Horber Lyriker stellt im Kloster sein neuestes Werk mit dem Titel "Zusammenkunft" vor / Das "Baby" ist 223 Seiten stark und kerngesund

Von Peter Morlok Horb. Walle Sayer las – und im großen Klostersaal war am Freitagabend kein leerer Stuhl mehr zu finden. Er stellte sein neuestes Werk vor: "Zusammenkunft". Im Kloster las der Autor an einem ihm bestens vertrauten Ort aus seinem Buch "Zusammenkunft" in einem Kreis aus Freunden, Familie, Weggefährten und Verehrern, wie er selbst sein zahlreich erschienenes Publikum bezeichnete.

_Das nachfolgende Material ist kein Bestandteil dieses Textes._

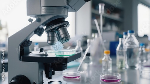 Close-up of a microscope, petri dishes, and lab equipment on a lab bench
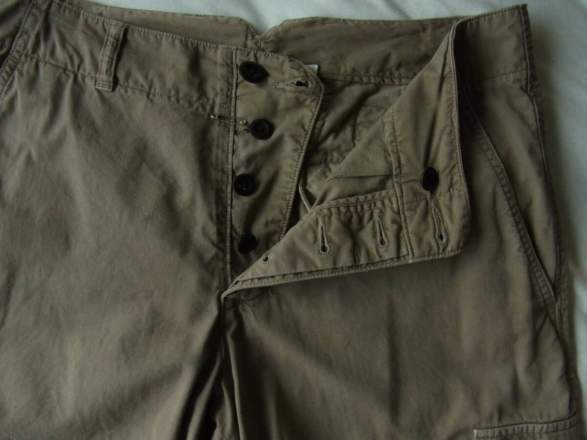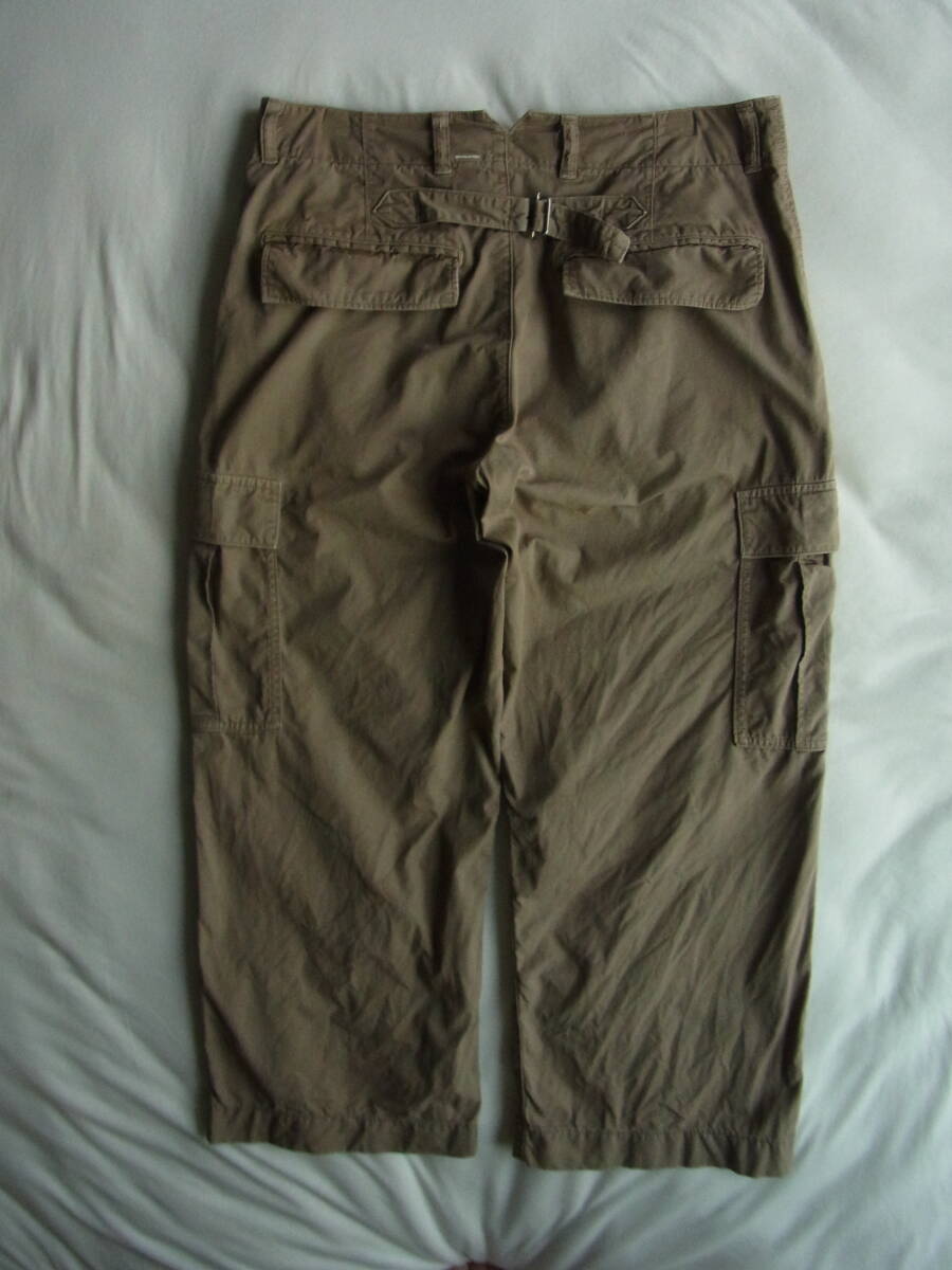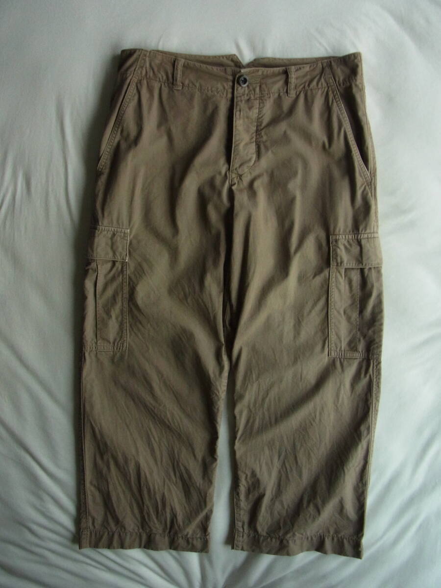 M H L.  マーガレットハウエルのワイドシルエットでクロップド丈、シンチバック付きのカーゴパンツになります。USEDで着用感と多少の色褪せ、フロント開きのボタンの付け糸に緩み(7枚目の画像)と右裾の内側に8枚目の画像の様な傷の箇所が御座います。

Die Sturheit desÜberzeugten

Die Mitglieder vom Projekt Zukunft, zu denen Sayer schon seit Gründerzeiten zählt, hatten alle Hände voll zu tun, um dem Ansturm auf der Suche nach geistiger Zerstreuung Herr zu werden. Dieser Andrang war eine Verbeugung vor der Sprachkunst des Walle Sayer. Immer freundlich lächelnd, in sich ruhend und doch von Umtriebigkeit umgeben, geht der Schriftsteller seinen geraden Weg mit der festen Sturheit des Überzeugten.

Im Umschlagstext des neuen Buches findet man ein Zitat des Lyrikers Richard Pietraß, der mit wenigen Worten die Arbeit des 1960 geborenen Sayer zusammenfassend skizziert: "Ein Meister des Minutiösen, querweltein gratwandernd zwischen Verrinnen und Entrinnen und noch dem Kleinsten zugewandt, erkennt er in ihm das Wunder alles Lebendigem: Feinheiten, die uns fortan freuen, wenn Pfützen den Himmel anhimmeln, Schnecke und Zeit einander bändigen, wir wieder um ein Ja oder Nein gealtert sind."

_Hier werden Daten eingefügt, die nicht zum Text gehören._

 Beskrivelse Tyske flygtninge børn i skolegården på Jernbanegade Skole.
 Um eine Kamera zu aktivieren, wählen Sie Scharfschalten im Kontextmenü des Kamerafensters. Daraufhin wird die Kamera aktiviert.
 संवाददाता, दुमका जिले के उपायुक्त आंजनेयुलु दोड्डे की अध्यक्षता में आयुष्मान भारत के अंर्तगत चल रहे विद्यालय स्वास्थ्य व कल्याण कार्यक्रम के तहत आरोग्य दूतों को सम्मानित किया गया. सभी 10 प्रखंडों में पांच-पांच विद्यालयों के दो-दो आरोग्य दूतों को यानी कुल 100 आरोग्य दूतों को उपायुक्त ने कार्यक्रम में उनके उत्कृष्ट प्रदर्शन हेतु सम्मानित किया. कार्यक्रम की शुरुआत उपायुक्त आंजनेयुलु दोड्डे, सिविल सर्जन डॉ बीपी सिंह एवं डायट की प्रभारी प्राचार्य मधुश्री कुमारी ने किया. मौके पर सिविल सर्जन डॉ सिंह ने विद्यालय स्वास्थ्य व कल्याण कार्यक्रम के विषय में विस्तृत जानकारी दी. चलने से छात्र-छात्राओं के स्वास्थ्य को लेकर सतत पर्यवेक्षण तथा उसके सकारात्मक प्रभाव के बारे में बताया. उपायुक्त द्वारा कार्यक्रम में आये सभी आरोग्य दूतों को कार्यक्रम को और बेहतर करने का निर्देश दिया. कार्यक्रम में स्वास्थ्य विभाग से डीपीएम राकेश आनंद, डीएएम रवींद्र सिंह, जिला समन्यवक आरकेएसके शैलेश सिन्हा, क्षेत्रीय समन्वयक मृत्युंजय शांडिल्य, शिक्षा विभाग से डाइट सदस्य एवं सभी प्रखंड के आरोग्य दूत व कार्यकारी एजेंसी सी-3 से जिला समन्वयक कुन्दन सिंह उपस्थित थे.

Diese Worte sind wie das "Automatenpassfoto" – über die Walle Sayer sich auch so seine philosophischen Gedanken machte und diese dem Premierenpublikum vortrug. Sie spiegelten die ganze Seele der Sayerschen Kurzprosa wieder und lassen erahnen, mit welcher Detailverliebtheit und Beobachtungsgabe der in Dettingen lebendende Schriftstellers durchs Leben geht.

Verleger Hubert Klöpfer, in dessen Verlag "Bücher fürs Denken ohne Geländer" favorisiert sind, freut sich besonders über das nunmehr sechste gemeinsame Baby, wie er den neuen Band liebevoll nannte. Es sei 295,5 Gramm schwer, 223 Seiten groß und kerngesund, so seine Einschätzung.

Genetisch gesehen sei es zudem von allerbestem Erbgut, treffen sich doch bei dieser "Zusammenkunft" die besten Geschichten aus den fünf bisher vorausgegangenen Büchern mit neuen, bisher unveröffentlichten Kleinoden zeitgenössischer Spurensuche im Millimeterbereich.

Horst Köhler stimmtmit der Gitarre ein

Bevor der so Gelobte sein Publikum mitnahm in die Welt der "Wintermärchen" und "Bogenschützen", bevor er ein "Großvaterbild" zeichnete oder "Eine Tischrede an die Jahrgängler" hielt, stimmte Horst Köhler die Gäste mit seinem Spiel auf der akustischen Gitarre auf eine besondere Lesung ein. Der Abend kam einem Blick ins Drachenauge des Tages gleich, dem die meisten Menschen im Saal mit geschlossenen Augen folgten. Walle Sayer lud sie ein, "das Sichtbare anzuschauen, um vom Unsichtbaren etwas zu erahnen".